Sans entrer ici dans le détail des très longs développements que Foucault consacre à ces concepts,
retenons ici la thèse qui paraît s’en dégager : la réflexion antique sur la sexualité ne produit aucune
espèce de forme canonique des actes sexuels. Elle est bien plutôt au fondement d’une régulation
souple de l’usage du sexe, destinée à fixer les conditions de sa fécondité éthique, dans une grande
attention au contexte toujours singulier de son exercice. Antikantisme de l’usage des plaisirs :
« Ce n’est donc pas en universalisant la règle de son action que, dans cette forme de morale,
l’individu se constitue comme sujet éthique : c’est au contraire par une attitude et par une recherche
qui, individualisant son action, la modulent, et peuvent même lui donner un éclat singulier par la
structure rationnelle et réfléchie qu’elle lui prête. »22
L’éthique de la sexualité se construit dans une relation polémique à soi-même, dans un combat qui
nécessite exercices et entraînements, au sens sportif du terme, au sens aussi d’une discipline virile,
conçue par et pour des hommes. L’éthique n’est rien d’autre que la manière par laquelle l’homme
libre donne un style à sa liberté23, par une maîtrise de ses plaisirs, mais plus largement par une
diététique, une économique et une érotique de toute l’existence.
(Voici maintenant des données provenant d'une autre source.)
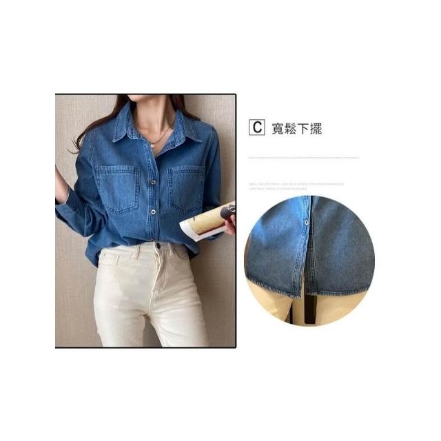 JMI 復古風藍色牛仔襯衫 牛仔外套 牛仔穿搭 文青穿搭 寬版牛仔襯衫 女士牛仔襯衫 寬鬆版型 顯瘦

Le souci de soi est dans sa matérialité un rapport au corps : la diététique est même en un sens une
forme de biopolitique de soi, une manière de penser la juste manifestation de notre vitalité. Cet art de
soi contient une dimension sexuelle non en ce que le plaisir serait un péril moral particulier, mais
bien parce qu’il est une dépense énergétique dont la régulation relève « du jeu de la vie et de la
mort. »24
Une même logique éthique préside à la réflexion sur le mariage et la fidélité. La tempérance de
l’homme est toujours conçue comme une forme de gouvernement de soi, en même temps qu’un mode
de contrôle de la maisonnée et de l’épouse.25 Et on retrouve enfin un dispositif similaire dans
l’érotique proprement dite : la sexualité des hommes mûrs avec les jeunes garçons est évaluée dans
les codes d’une stylistique, destinée à valoriser l’amour des garçons, quand bien même cette
stylisation s’accompagne de l’exigence d’une quasi-abstinence.

Souci de soi et volonté de vérité

Le dernier livre publié de Foucault n’introduit aucune inflexion notable au projet de l’Usage des
plaisirs, tout en annonçant une recherche inaboutie, consacrée au concept d’aveu. Si Le Souci de soi
s’éloigne de la question de la vérité et du pouvoir, il prélude à une recherche qui aurait ramené
Foucault à son intérêt originel pour le discours, tout en le rapprochant des périodes historiques pour
lui habituelles.
L’amorce du texte est brutale, mais sans la théâtralité des ouvrages antérieurs. Soit un texte, dit
Foucault, La Clef des songes d’Artémidore, l’exemple le plus complet d’un genre répandu dans
l’Antiquité, l’oniro-critique, ou analyse des rêves. Pourquoi ce texte ? Parce qu’il est l’indice d’une
éthique du sujet courante à cette époque, et qui s’élabore curieusement dans une réflexion sur ce qu’il
est bon ou mauvais de rêver, et non dans qu’il est interdit ou légitime de faire. Ou encore : ce texte est
révélateur d’un souci de soi qui n’a rien de théorique et qui désigne plus une attitude qu’une norme.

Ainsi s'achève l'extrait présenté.